Friday, April 23, 2010

A ride up Martin Luther King Drive

Last weekend I found myself in Hyde Park on a pleasant morning, with nothing to do but ride my bike back home. I took a leisurely ride up MLK (King Drive? Every town has its own street honoring Dr. King, and they all have their own unique way of abbreviating the name), through the core of Bronzeville, where a multitude of historic architecture waits to impress and overwhelm.

MLK Drive
D. Harry Hammer House, 3656 S. King Drive, 1885 - William W. Clay

MLK Drive

MLK Drive

It being a Sunday morning, I stood on the sidewalk for a while and listened to Gospel music swelling from within the church at right, the Metropolitan Apostolic Community Church. It's a 1891 brownstone beauty in a Romanesque style, originally the 41st Street Presbyterian Church.

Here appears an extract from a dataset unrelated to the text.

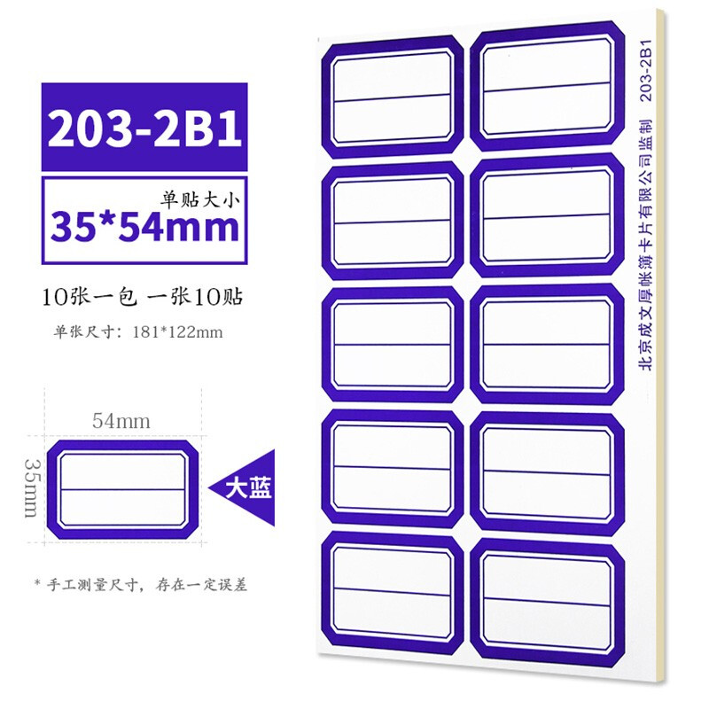 成文厚 口取紙 不干膠標簽紙 口曲紙 10張/包(203-1B1 藍色)

Metropolitan Community Church

MLK Drive

Graystone row houses

And the hits just keep on coming. House after house and block after block speak to the jaw-dropping wealth that landed here in the 1880s and 1890s.

MLK Drive

42nd and King Drive

Though the best parts of the avenue are residential, there are some impressive institutional buildings as well, several converted to churches. The Mammoth Life and Accident Insurance Company, a Kentucky-based firm, occupied a building sporting a neon sign that is rather at odds with the Beaux Arts facade. I have no clue if this building remains in use at all, but it doesn't look like it.

MLK Drive

The Sinai Temple at 46th and MLK was begun in 1909 for a Jewish Reform congregation. Today it houses the Mount Pisgah Missionary Baptist Church.

MLK Drive

And there are some delectable slices of Mid Century Modernism, as well. Liberty Baptist Church has been documented by Lee Bay, though he doesn't share interior photographs. I wasn't feeling up to venturing inside, so that remains a future mission.

MLK Drive

Nearby, Illinois Service Federal Savings & Loan occupies a 1960s building that presents a wild facade of folded plates to the street. The bank has neighborhood roots dating back to the 1930s.

MLK Drive

The South Park Baptist Church leans toward the Streamline Deco end of the Modernism scale. It went up in 1953, to the designs of architect Homer G. Sailor.
South Park Baptist

Further north, the Hartzell Memorial United Methodist Church leans a bit more toward the stock side of Midcentury design:
MLK MCM

The avenue kind of explodes into a nothing-scape north of here, thanks to a lot of big redevelopment products that have brought grassy fields and parking lots to the areas just south of downtown.

4 comments:

adgorn said...

MLK is an amazing street that growin-up-northsiders (like me) unfortunately often miss until they expand their horizons a bit. Did you see the Marx Bros Chicago Marker of Distinction sign at 4512?

Anonymous said...

I bought a house on MLK six months ago. The neighbors are great and it's amazing how close you can get to the lake and be on such a scenic street for a reasonable investment. Is it Lincoln Park? No, but it's been great so far.

Anonymous said...

The Mammoth Life Ins. Building was orinally the Kenwood National Bank. The property was sold to Jackson Mutual Life in the 1930's and remained in it's possession until the company was sold to Mammoth Life in 1958.